20Les mots font obstacle mais sans leurs caches ajourés l’image ne saurait sans doute pas apparaître, aussi évanescente soit-elle. Les deux composantes apparemment conflictuelles donnent naissance, d’une manière quasi-dialectique, à un imagement en ombres chinoises. À propos des pièces pour la télévision, Deleuze étudie dans L’Épuisé le rapport de Beckett à la musique (à Beethoven et Schubert en particulier, puisque leurs œuvres sont présentes dans certaines vidéos22). C’est finalement autour des silences que Beckett rejoint la musique, qu’il s’agisse de la « ponctuation de déhiscence », de l’« érosion centrale23 » chez Beethoven, ou des « sauts et des hiatus24 » de la musique de Schubert ; le « forage » musical apparaît selon Deleuze comme un modèle du creusement dans l’écriture. Le « bing » et le « croulement languide » ont montré la convergence du son et de l’image en tant qu’événements impalpables. Deleuze prolonge le croisement et met en rapport image visuelle et image sonore à propos des pièces pour la télévision (dans sa très belle analyse de Nacht und Träume) : «  le visage s’incline, se détourne, s’efface ou se défait comme un nuage, une fumée. L’image visuelle est entraînée par la musique, image sonore qui court à sa propre abolition. Toutes deux filent vers la fin, tout possible épuisé25. » Le grand visage qui apparaît à l’écran et s’estompe en fumée coïncide avec la musique. Selon Deleuze, l’image visuelle et l’image sonore suivent le même mouvement vers l’anéantissement. En effet, ce que Beckett recherche dans la musique, c’est sa grande capacité de dissolution. L’écriture n’a pas ce privilège, le problème est plus retors parce que les mots adhèrent et résistent. Après ce constat, L’Epuisé s’achève en affirmant que dans le langage musical du « mal vu mal dit » où les mots s’égrainent à distance les uns des autres, alternés avec du silence et des hiatus, l’image pourrait apparaître.

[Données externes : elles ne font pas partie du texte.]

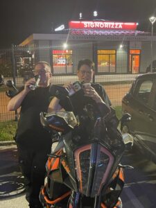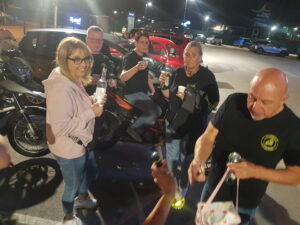 Der Abend war so mild und einladend, dass wir beschlossen, die Party im Freien mit unseren Mopeds zu feiern. Mit Bier, Jägermeister und verschiedenen Schnäpsen bewaffnet, verbrachten wir einen unvergesslichen Abend in bester Gesellschaft unserer geliebten Maschinen. Was für ein Tag – die Kurven, die Herausforderungen und schließlich die ausgelassene Feier, die den Tag auf wunderbare Weise abschloss.

21Le « mal vu mal dit » laisse entendre en creux un bien vu et un bien dit. Or, ce n’est pas tant par incompétence que le langage se fissure, il semble que Beckett met en place une relation d’alternance nécessaire entre image et non-image, entre langage et silence. Ce régime alterné, qu’il envie aussi à la musique, a pour fonction de traduire la non-permanence et l’instabilité de toute image dans l’écriture. Car malgré l’incessant imagement, rien ne tient, l’image ne dure pas, le processus laborieux et complexe suppose des éclipses constantes. Le processus progressif et lacunaire que nous avons observé n’est pas un pis-aller, mais la forme la plus juste de cet entrevoir qui caractérise le texte. Et l’alternance des hiatus ne dit pas non plus l’incompatibilité du dire et du voir. Dans les failles et dans le conflit entre le langage et les images, quelque chose du monde est en train de passer qui ne se réduit pas à de simples représentations.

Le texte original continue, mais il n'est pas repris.